Why Humans are Fish [If that word refers to anything 'real' at all]

Of course, I said a lot more prior to that where I laid down the argument for why cladistics is objective (unlike phenetic and evolutionary taxonomy) to support that ‘fish’ - as a clade - is a real group. See here (emphasis mine):

To summarise: There is a REAL natural phylogenetic hierarchy. Cladistic taxonomy represents this hierarchy as monophyletic taxa. i.e. clades. Hence why cladistics is objective. Ergo, clades are ‘real’ groups, unlike those that are paraphyletic or polyphyletic.

You misunderstood what I was saying there. Using your words, but making a few edits, what I meant by that statement is the following:

So the common paraphyletic sense of fish is only recognizable to us now as a distinct group because a long line of ancestors have gone extinct, leaving us with this illusion that the particular set of characters of some descendants (tetrapods) makes them seemingly sufficiently different from members of the fish group. Had those ancestors still existed, it would much easier to see how arbitrary it is where you put the line and say “these descendants right there, that’s objectively a new group distinct from - and not part of - the fish group. All it’s decendants don’t belong to the fishes, even while all it’s ancestors do”.

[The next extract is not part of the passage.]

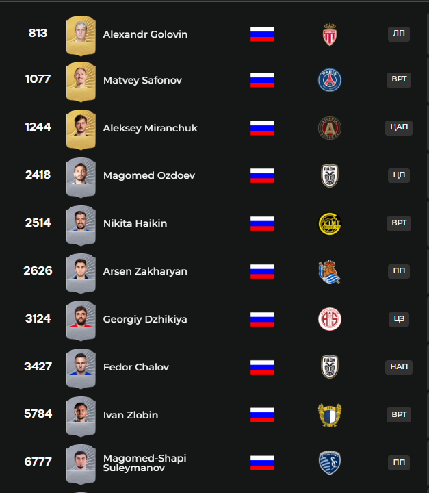 Александр Головин, Матвей Сафонов и Алексей Миранчук лидируют в рейтинге лучших российских футболистов в игре EA FC 26. У них золотые карточки.

But to address the point that you were making here; about the fact that we couldn’t pint out the very first member of a group by looking at them. Not even theoretically, because at every point the direct ancestors / descendants would still look pretty much the same. But this has little to do with. cladistics. A clade is not defined by looks (phenotype), but in terms of phylgenetic relationships, i.e. a common ancestor + all descendants. That group is real. It exists independent of what we think about it. It exists regardless whether we are theoretically able to identify that specific ancestor (or ancestral population) among all the ancestors or not. Your point here (It’s impossible to point out the ‘first’ of a group based on phenotype) is actually a point against phenetics, NOT cladistics.

As explained previously, clades are not arbitrary. But seeing how you are referring to Linnaean ranks as an example of something that has the same problem, I think I can see the issue you are referring to. It’s true that assigning ‘ranks’ to groups, even if the groups are clades, is arbitrary. It is similarly arbitrary as to what name we assign to each clade. But the issue of picking a name for a clade is something I have already addressed preemptively in the very last paragraph of the top comment. Regardless what name (or rank) we give to the clade, it doesn’t affect the realness of the clade.

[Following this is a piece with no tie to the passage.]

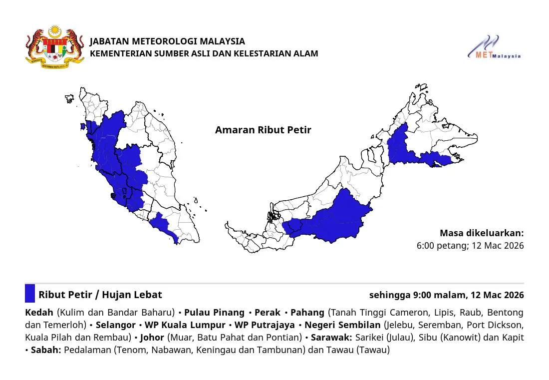 Jabatan Meteorologi Malaysia (MetMalaysia) turut mengeluarkan amaran sama melibatkan Kuala Lumpur, Putrajaya.

I’d think if the grouping represents something objectively real, then yes. Although, I don’t think I have admitted that we can group things specifically by “certain characteristics”. At least not here, as I have specifically argued against phenetics. Sure, a clade is inferred by identifying the synapomorphies, but that is how we infer the group, it’s not how the group is defined.

EDIT: This part below, I will copy paste it back to the previous thread since that is relevant to the original topic.

When it comes to the previous discussion, we have agreed (unless I am mistaken) that sex is a spectrum, with male and female representing the opposite ends of the spectrum, and intersex or DSD representing the middle. In this sense, male and female are real. However, if you treat ‘male’ and ‘female’ as ‘distinct (binary) groups’, I would say that they are not real. In this case, these are subjective constructs, similar to what portions of the spectrum of visible light constitutes the color ‘red’ or ‘blue’.